As shown in FIG. 11, in a particular embodiment, a stereo audio CODEC 1126 can be coupled to the DSP 1104. A first stereo amplifier 1128 can be coupled to the stereo audio CODEC 1126 and a first stereo speaker 1130 can be coupled to the first stereo amplifier 1128. Additionally, a microphone amplifier 1132 can be coupled to the stereo audio CODEC 1126 and a microphone 1134 can be coupled to the microphone amplifier 1132. FIG. 11 further shows that a second stereo amplifier 1136 can be coupled to the stereo audio CODEC 1126 and a second stereo speaker 1138 can be coupled to the second stereo amplifier 1136. In a particular embodiment, stereo headphones 1140 can also be coupled to the stereo audio CODEC 1126.



FIG. 11 also illustrates that an 802.11 controller 1142 can be coupled to the DSP 1104 and an 802.11 antenna 1144 can be coupled to the 802.11 controller 1142. Moreover, a Bluetooth controller 1146 can be coupled to the DSP 1104 and a Bluetooth antenna 1148 can be coupled to the Bluetooth controller 1146. As depicted in FIG. 11, a USB controller 1150 can be coupled to the DSP 1104 and a USB port 1152 can be coupled to the USB controller 1150. Additionally, a smart card 1154, e.g., a multimedia card (MMC) or a secure digital card (SD) can be coupled to the DSP 1104. Further, as shown in FIG. 11, a power supply 1156 can be coupled to the on-chip system 1102 and can provide power to the various components of the PDA 1100 via the on-chip system 1102.


In a particular embodiment, as indicated in FIG. 11, the display 1110, the keypad 1112, the IrDA port 1122, the digital camera 1124, the first stereo speaker 1130, the microphone 1134, the second stereo speaker 1138, the stereo headphones 1140, the 802.11 antenna 1144, the Bluetooth antenna 1148, the USB port 1152, and the power supply 1150 are external to the on-chip system 1102. However, each of these components is coupled to one or more components on the on-chip system. Additionally, in a particular embodiment, the digital signal processor 1104 can use interleaved multithreading, described herein, in order to process the various program threads associated with one or more of the different components associated with the portable digital assistant 1100. Further, using one or more of the method described above global resources within the digital signal processor can be powered off when the portable communication device goes into a standby mode. Thus, power leakage is reduced.
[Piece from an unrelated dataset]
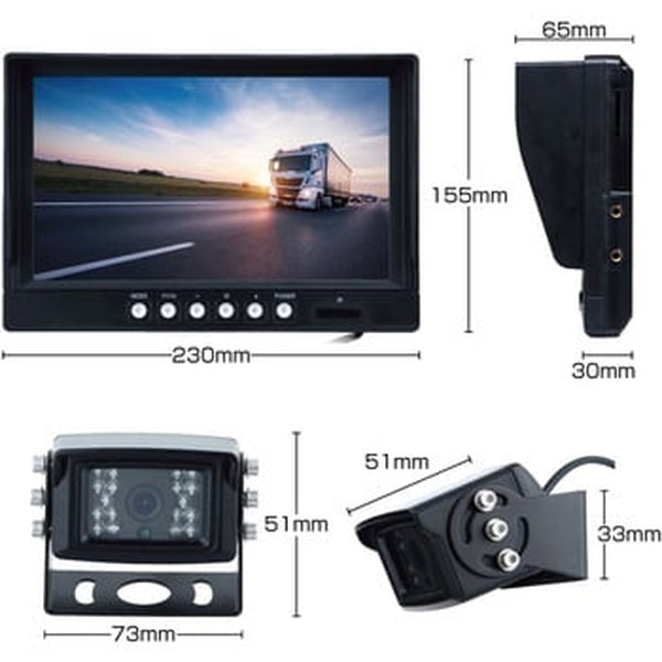 バックカメラ&9インチモニターのSET!カメラはアナログハイビジョンで鮮明です。モニターは9インチでIPS方式。高性能・低価格を実現しました。カメラ視野角約タテ120°ヨコ90°のワイドビュー。夜間自動切換赤外線内蔵・モニターはスピーカー内蔵・リモコン付き・12V/24V車共用です。

Referring to FIG. 12, an exemplary, non-limiting embodiment of an audio file player, such as moving pictures experts group audio layer-3 (MP3) player is shown and is generally designated 1200. As shown, the audio file player 1200 includes an on-chip system 1202 that includes a digital signal processor (DSP) 1204. In a particular embodiment, the DSP 1204 is the digital signal processor shown in FIG. 1 and described herein. As illustrated in FIG. 12, a display controller 1206 is coupled to the DSP 1204 and a display 1208 is coupled to the display controller 1206. In an exemplary embodiment, the display 1208 is a liquid crystal display (LCD). FIG. 12 further shows that a keypad 1210 can be coupled to the DSP 1204.


As further depicted in FIG. 12, a flash memory 1212 and a read only memory (ROM) 1214 can be coupled to the DSP 1204. Additionally, in a particular embodiment, an audio CODEC 1216 can be coupled to the DSP 1204. An amplifier 1218 can be coupled to the audio CODEC 1216 and a mono speaker 1220 can be coupled to the amplifier 1218. FIG. 12 further indicates that a microphone input 1222 and a stereo input 1224 can also be coupled to the audio CODEC 1216. In a particular embodiment, stereo headphones 1226 can also be coupled to the audio CODEC 1216.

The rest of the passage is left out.